オレは買い物袋を手から腕にかけなおして両手に息を吐きかける。隣のハルは紺のマフラーに顔を埋めた。ハルと買い物に行ったのは三週間ぶりで、一緒に食事をするのもあのプリンを一緒に食べた日以来だ。多分今日が、今年で最後になる。

「なあ、ハルも白星高校一緒に行かねえ?」

 家からは遠く電車で通学しなければならない場所にある。けど、公立で県内唯一の調理学科のある高校だ。先日受けた年内最後のテストではギリギリ合格圏内だった。オレよりずっと頭が良いハルなら余裕で合格できる。元々調理学科に興味があったけれど、どうしても、の理由が説明できなくて諦めていた。それがハルと一緒に飯を作って、食べるようになって、楽しくて、飲食業界の道に進みたいと思うようになった。誰かがオレの作ったもので幸せな気持ちになってくれたら凄く嬉しい。折角高校に行くのなら夢のための勉強がしたい。そこに、ハルがいたら、きっと、もっと嬉しい。

「――ごめん」

 ハルは立ち止まる。一瞬、目を伏せて覚悟を決めたような目でこちらを見つめてくる。

「オレ、受ける高校決まってるんだ。全寮制の。だから一緒の高校には行けない」

 ハルは最後にもう一度「ごめん」と言った。別に約束していたわけではないし、そもそも今初めてした話だ。ハルが謝る必要は全くない。毎日一生懸命勉強しているハルはきっとどこか目標にしている高校がある、そんなことはなんとなく分かっているつもりだった。それなのに、どうしてハルに本当に申し訳なさそうな顔をさせているのだろう。どうしてオレは、こんなに胸が痛いんだろう。

「どこ受けるの」
「青文高校」

 全く縁のないオレでも知っているくらい有名な全寮制の高校だ。文武両道で有名大学への進学率も群を抜いているとか進路指導の先生が言っていた気がする。

「やりたいことでもあんの」
「分からない。将来なにになりたいとかまだ想像もつかないけど、なにかやりたいことができたときにその選択肢は多くて、少しでも目標に近い方がいいと思っている」

 オレはまるで不貞腐れた子供だ。ハルはきっと正しい。妥協して誰かのせいにしてる自分が嫌になる。そのうえ、自分が言われて嫌だった言い方をハルにしている。目も合わせられなくなったハルから刺さる視線が痛い。

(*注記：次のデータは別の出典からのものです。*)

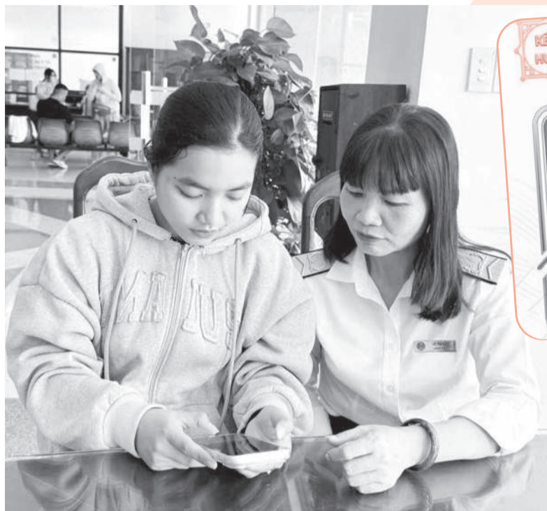
● Cán bộ Thuế cơ sở 2 hướng dẫn người dân cài đặt ứng dụng Etax Mobile.

Bên cạnh đó, nội dung tuyên truyền cũng được tinh gọn, tập trung vào những vấn đề thiết thực, gắn liền với người nộp thuế như: Hộ kinh doanh cần làm gì, sử dụng biểu mẫu nào, thời hạn ra sao... Thông tin được phân loại theo từng nhóm đối tượng, căn cứ mức doanh thu để đảm bảo phù hợp, dễ áp dụng. Đơn cử, trong tháng 4, hộ kinh doanh có doanh thu dưới 500 triệu đồng/năm phải thông báo số tài khoản cho cơ quan thuế, hoàn thành chậm nhất ngày 20-4; hộ kinh doanh có doanh thu từ hơn 500 triệu đồng đến 50 tỷ đồng gửi thông báo tài khoản cùng tờ khai thuế quý I/2026 thời hạn đến ngày 4-5; hộ kinh doanh có doanh thu hơn

「……だから暫く一緒に飯作ったり食ったり出来ない。でも受験が終わったら――」
「分かった。頑張れよ」

 精一杯の笑顔でハルの言葉を遮る。別の高校に進学して、しかも全寮制で会えなくなる。ハルは格好いいし、話せば良い奴だからきっと友達もすぐにできる。オレのことなんか、オレとの時間なんて簡単に忘れていく。
とても今日これから一緒に飯を食える気分じゃなかった。

 早歩きで一人先に帰る。後ろをついてきた足音が途中から止まった。振り返れない。ハルは気を遣ったんだ。ぼろぼろ涙が溢れて落ちる。お前が勝手に期待したんだろって怒ってくれればいいのに。ハルのそういう優しいところが嫌いだ。そんなハルを心から応援できない自分が、大嫌いだ。